Presently, visualization of heteroplasmies is available for Daucus carota.
icHet is a workflow for visualizing and detecting heteroplasmies across multiple genomic samples. It is designed to take advantage of high-performance clusters.
-
Python 3 packages:
- Biopython
- Bokeh
- Flexx
-
Other tools:
- Bwa (http://bio-bwa.sourceforge.net/)
- SAMtools (http://samtools.sourceforge.net/)
You can use Anaconda distribution for easier installation.
-
Install Anaconda:
- Download the appropriate .sh file from https://www.anaconda.com/download/
- In the directory with the .sh file, run the .sh file using the following commands:
- Make executable if needed:
chmod 755 SampleFileName.sh
- Run installer script:
./SAMPLEFILENAME.sh
- Make executable if needed:
-
Install required packages:
- On Linux/Max: run
sh install_packages.sh
- On Windows: run these commands
conda install -y -c anaconda biopython conda install -y -c bokeh bokeh conda install -y -c conda-forge flexx conda config --add channels defaults conda config --add channels conda-forge conda config --add channels bioconda conda install -y bwa conda install -y samtools conda install -y bzip2
- On Linux/Max: run
Note
After installing SAMtools via anaconda, you may have this error:
samtools: error while loading shared libraries: libcrypto.so.1.0.0: cannot open shared object file: No such file or directory
Here is the suggested easiest way to fix this error:
- Go to *anaconda3 library* directory: (assume that your anaconda is installed in $HOME/anaconda)
```cd $HOME/anaconda3/lib```
- Make a copy of *libcrypto.so.1.1.1* and rename it to *libcrypto.so.1.0.0*
There are many other ways to fix this error, for example (SAMtools dependency in wrong version), please try them to fix the error.
You need to specify paths to your data in a configuration file.

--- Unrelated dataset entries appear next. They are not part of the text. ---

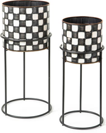 A pair of checked planters with stands invite you to show off (and easily tend to) container-gardening favorites, be they edible or elegant . . . or both.
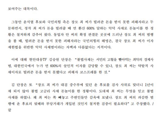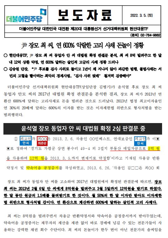 [보도자료] (더불어민주당 선대위 현안대응TF) 尹 장모 최 씨, 연 600% 악랄한 고리 사채 돈놀이 정황
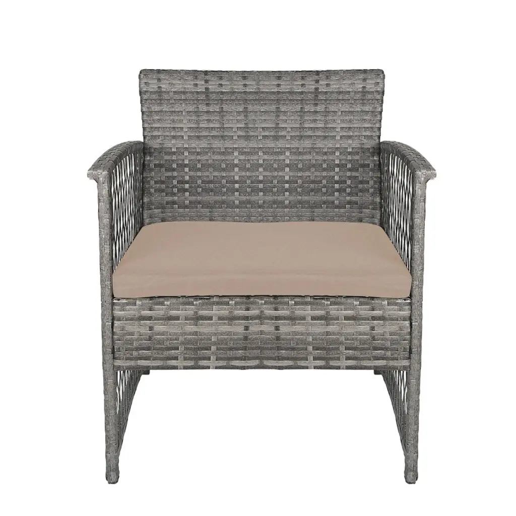 This lovely 3-piece outdoor patio set will help you create the tranquil outdoor seating area you've been dreaming of. Made of a strong steel frame that can support up to 300 lbs and is wrapped in high-quality all-weather PE rattan wicker, making the set strong and durable. The sofa sets and cushions are protected from fading by a weather-and UV-resistant coating, maintaining their perfect appearance all year long. This outdoor patio conversation set is ideal for promoting a peaceful space and making your backyard stand out.While we strive to accurately represent product colors, please be aware that actual colors may vary slightly due to individual screen settings and lighting conditions. FeaturesSet includes two (2) arm chairs and one (1) side tablePE rattan wicker adds strength and durabilityPolyester-blended cushion covers maintain their shape and resistant to fadingSteel frame furniture adds durability and strength to the setUV resistant coating prevents fading and weather resistant exposure helps against the elementsEach seat supports up to 300 lbsSimple and easy to assembleDetails:Product Type: Patio Conversation SetsWhat's Included: (2) Chair; (1) Side TableChairDimensions: 24.75" W x 26" D x 30.25" HWeight: 37.5 lbs.Seat Width: 19"Seat Depth: 19"Seat Height: 14.25"Weight Capacity: 330 lbs.Seat Width: 19"Seat Depth: 19"Seat Height: 14.25"Side TableDimensions: 17.5" W x 17.5" D x 20" HWeight Capacity: 66 lbs.
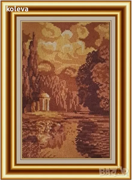 сцена, изпълнена в топли нюанси на кафяво и златисто, която пресъздава тиха
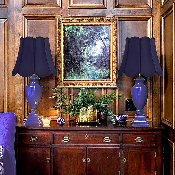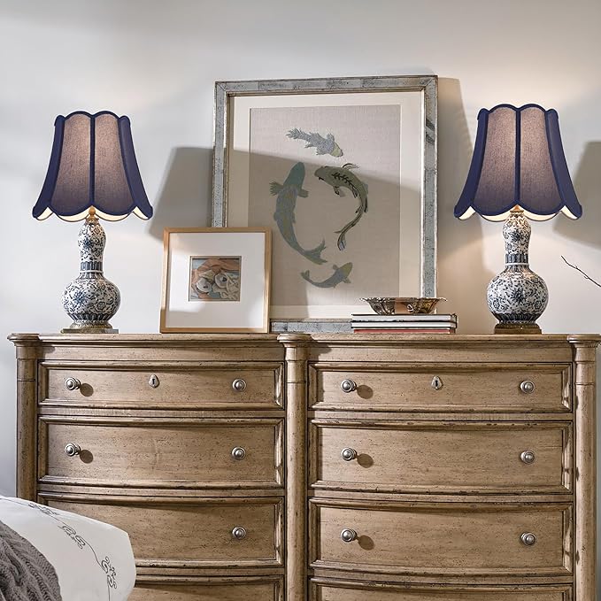 - Scalloped-shaped Shade Size: Medium blue lamp shade, 8×13×11 Inch (8" top diameter, 13" bottom diameter, 11" vertical height). Suitable for most table lamps, bedside lamps,floor lamp and nightstand lamp for bedroom, living room
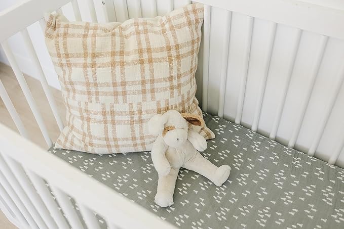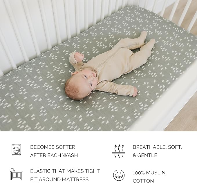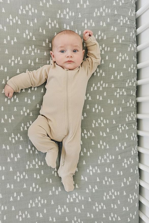 Pines Muslin Crib Sheet by Mebie Baby, Soft and Breathable Bed Sheets for Babies, Modern Neutral Bedding for Cribs, Standard Crib Mattress Fitted Sheet, Great for Boy or Girl Room or Nursery
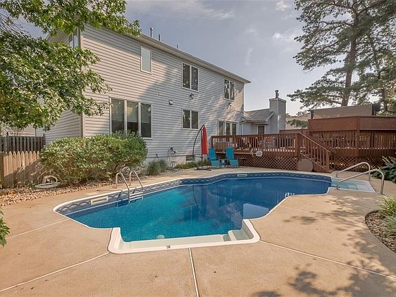 This almost 3K square-foot home sits on a private corner lot. 5 bedroom, 2.5 bath home with cathedral ceiling; updated kitchen, laundry off kitchen. master bath, powder room; NEW dual zone HVAC 2018; NEW roof 2014; finished basement w/extra height; heated built in pool; large backyard deck; side entry 2 car garage with automatic door openers; alarm system with central monitoring; wood burning stove;
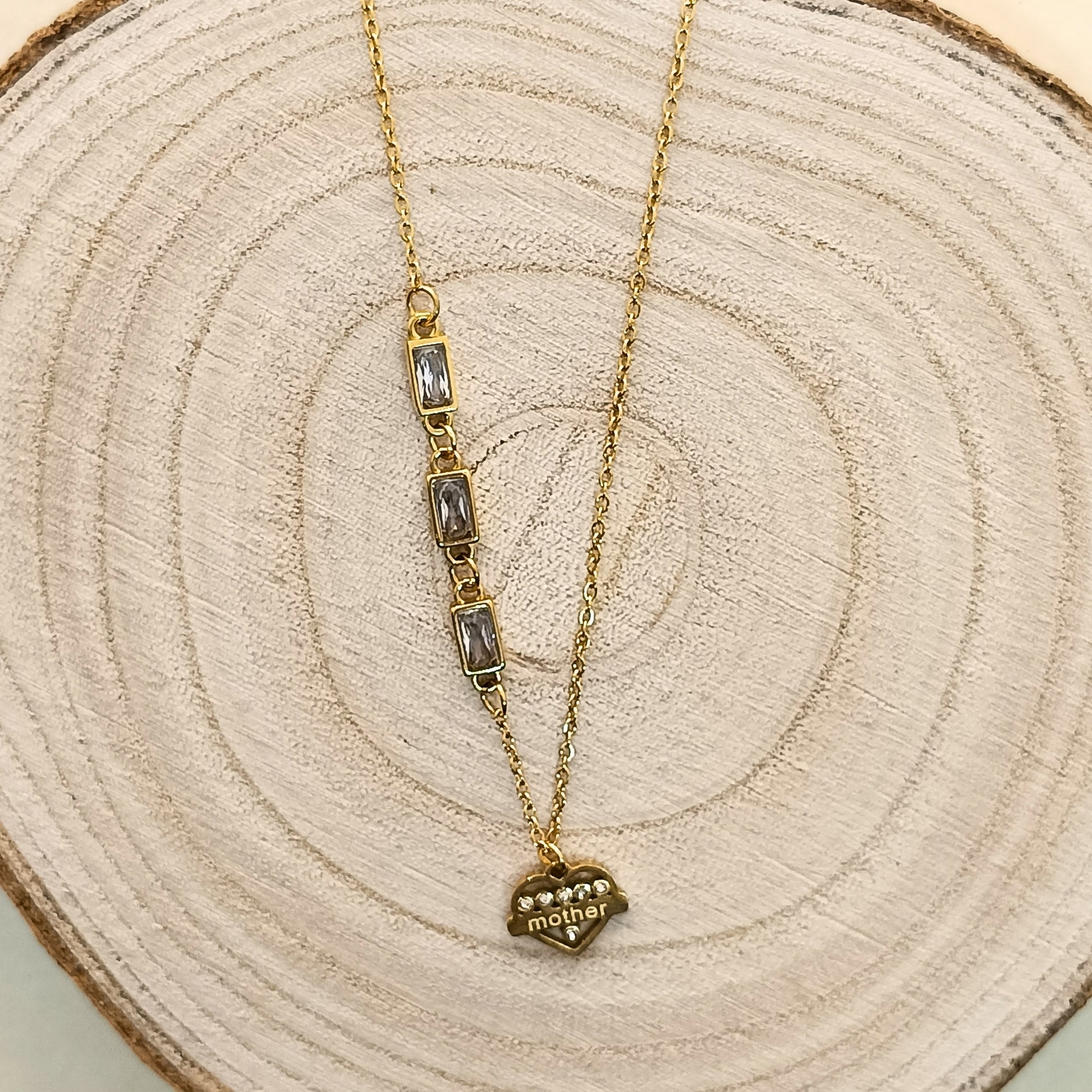 - Beautiful gold-toned heart pendant with “Mother” inscribed

See config.txt for example.
- Required inputs:
- READS_DIR: path to reads directory containing FASTQ/FQ file(s). Reads must be paired-end reads and each pair must have suffix (_1.fastq and _2.fastq) or (_1.fq or _2.fq).
- REF: path to reference genomes. This is the concatenated of all genomes (nuclear DNA, mitochondrial genome, chloroplast genome).
- LOG_FILE: path to log file.
- OUTPUT_DIR: path to output directory.
- cp_ref : path to chloroplast genome.
- cp_annotation : path to chloroplast annotation file.
- mt_ref: path to mitochondria genome.
- mt_annotation: path to mitochondri annotation file.
- mitochondria: mitochondria sequence IDs. This can be a list, separated by commas.
- chloroplast: chloroplast sequence IDs. This can be a list, separated by commas.
It is not neccessary to use single or double quote for these paths. The workflow will generate the OUTPUT_DIR if it doesn't exists.
If there are no input sequence IDs for mitochondria or chloroplast, the program terminates.
See example_config.txt for example of config file.
- Optional inputs:
- DIST: name of distance function used to compute conservation scores of heteroplasmic sites (hellinger or consine). Default = hellinger distance.
- alignment_quality: quality threshold for SAMtools to filter alignments. Default = 20.
- score_threshold: threshold for conservation scores of heteroplasmic sites to be shown in visualization. Default = 10.
- percentage_threshold: threshold for base percentage of heteroplasmic sites to be shown in visualization. Default = 0.05
Text file contains all input reads ID you want to run. Each line is reserved for only one ID. The output plots the samples by the ordering of read names in this file.
Reads should be paired-end reads, and only the SampleID needs to be specified in the readids.txt file. For example, if you have sample SRR2146923 with a pair of reads named SRR2146923_1.fastq and SRR2146923_2.fastq, you only have to specify SRR2146923 in the readids.txt file.
See example_read_ids.txt for example of read IDs file.
python run_hpc.py config.txt readids.txt
- config.txt: configuration file
- readids.txt: read IDs file.
The program will output both visualization for mitochondria and chloroplast if users gives paths to chloroplast and mitochondrial genomes, annotation files, as well as sequence IDs.
Outputs for mitochondria and chloroplast will be separated into OUTPUT_DIR/mitochondria and OUTPUT_DIR/chloroplast directories.